L’intervista del Quotidiano di Sicilia al candidato all’Ars, Luca Sammartino (Pd). “Urgente la semplificazione della macchina amministrativa dell’Isola”

Tags: Luca Sammartino, Elezioni



CATANIA – A poco meno di due settimane dalle elezioni regionali, la tensione cresce in tutta l’Isola. Il dibattito politico si fa ogni giorno più infuocato e il cerchio si stringe sempre più attorno ai programmi, cioè alle soluzioni prospettate dai candidati per rilanciare questa disastrata Sicilia.

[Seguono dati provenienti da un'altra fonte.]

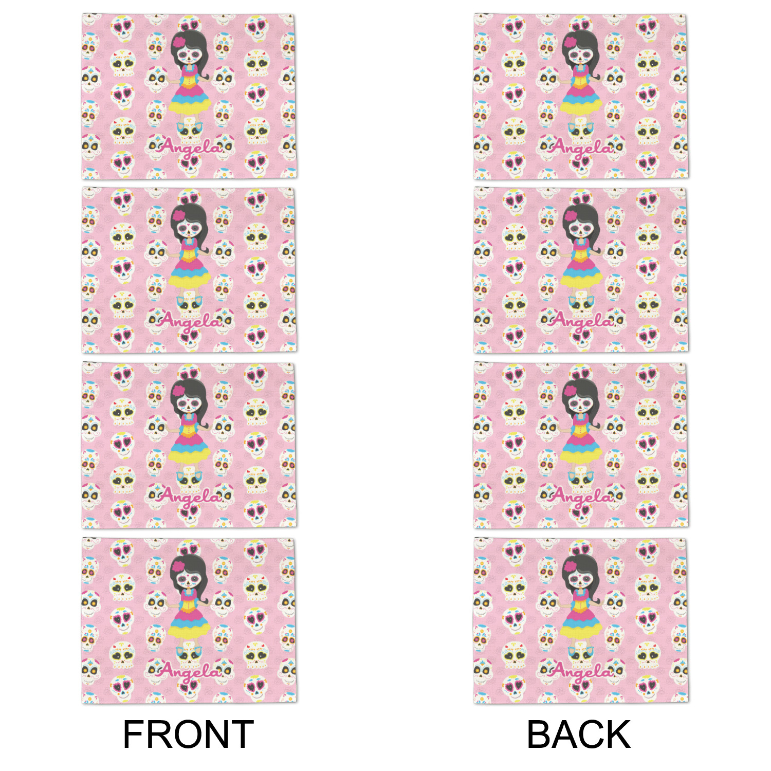 Most sugar skull design are only suitable for adults - not this one! This sugar skulls designs was done especially for kids who love sugar skulls. This is another one of our many layered designs where the background is a coordinating floral pattern; with kid friendly sugar skulls on top. We then topped it off with our girl who has her face painted. For personalization, we added her name to the bottom.

Di soluzioni ai tanti problemi della nostra Isola abbiamo parlanto con il 32enne candidato catanese del Partito democratico, Luca Sammartino.

La tanto discussa XVI legislatura può dirsi ormai archiviata. Quali devono essere secondo Lei i cardini per il rilancio di questa Regione?
“L’ultima legislatura, tra poche luci e molte ombre, va concludendosi e adesso il nostro diktat è uno solo: vincere le elezioni per fare meglio di quanto è stato fatto. Non perché è stato fatto tutto male, quanto perché sicuramente si poteva fare molto meglio. Dei punti fondamentali da cui ripartire? Dopo la mia esperienza a Palermo ho capito che ci sono due temi fondamentali, le infrastrutture e lo sviluppo economico, che sono imprescindibili per il rilancio di quest’Isola. Per il primo punto occorre una programmazione chiara e che comprenda le reali necessità del territorio: è inaccettabile che ancora i nostri cittadini non possano muoversi velocemente a causa di strade vecchie e dissestate o, peggio ancora, pericolose come la Strada provinciale che collega Catania a Gela. In quanto allo sviluppo economico, dobbiamo provare a far tornare gli imprenditori qui in Sicilia, sviluppando la voglia di fare impresa anche nei nostri giovani, evitando le partenze verso altre regioni o all’estero. La Sicilia è un’Isola ricchissima che può davvero, ripartendo dai giovani, essere rilanciata e crescere come merita. Mi permetta di aggiungere un’altra cosa”.

Prego.
“Oggi più che mai è necessaria una semplificazione della macchina amministrativa siciliana. Se vogliamo davvero porre delle basi per nuove opportunità in ogni settore non possiamo non fare i conti con la ben nota burocrazia che rallenta qualsiasi pratica”.

Se eletto, quali saranno le sue iniziative durante la prossima legislatura regionale?
“Guardi, credo fermamente in un principio. La politica deve essere servizio verso la comunità: non si può e non si deve prescindere da ciò. Partendo da questo presupposto posso dirle che porterò avanti le istanze della provincia di Catania e dei suoi abitanti. D’altra parte è questo quello che un rappresentante dovrebbe fare, senza promettere la luna e mantenendo fede ai propri ideali. Ad oggi sto lavorando per essere eletto all’Ars, se dovessi riuscire in questo potremo cominciare a parlare concretamente di quanto c’è da fare nella nostra provincia, passo dopo passo e Comune per Comune, senza lasciare indietro nessuno”.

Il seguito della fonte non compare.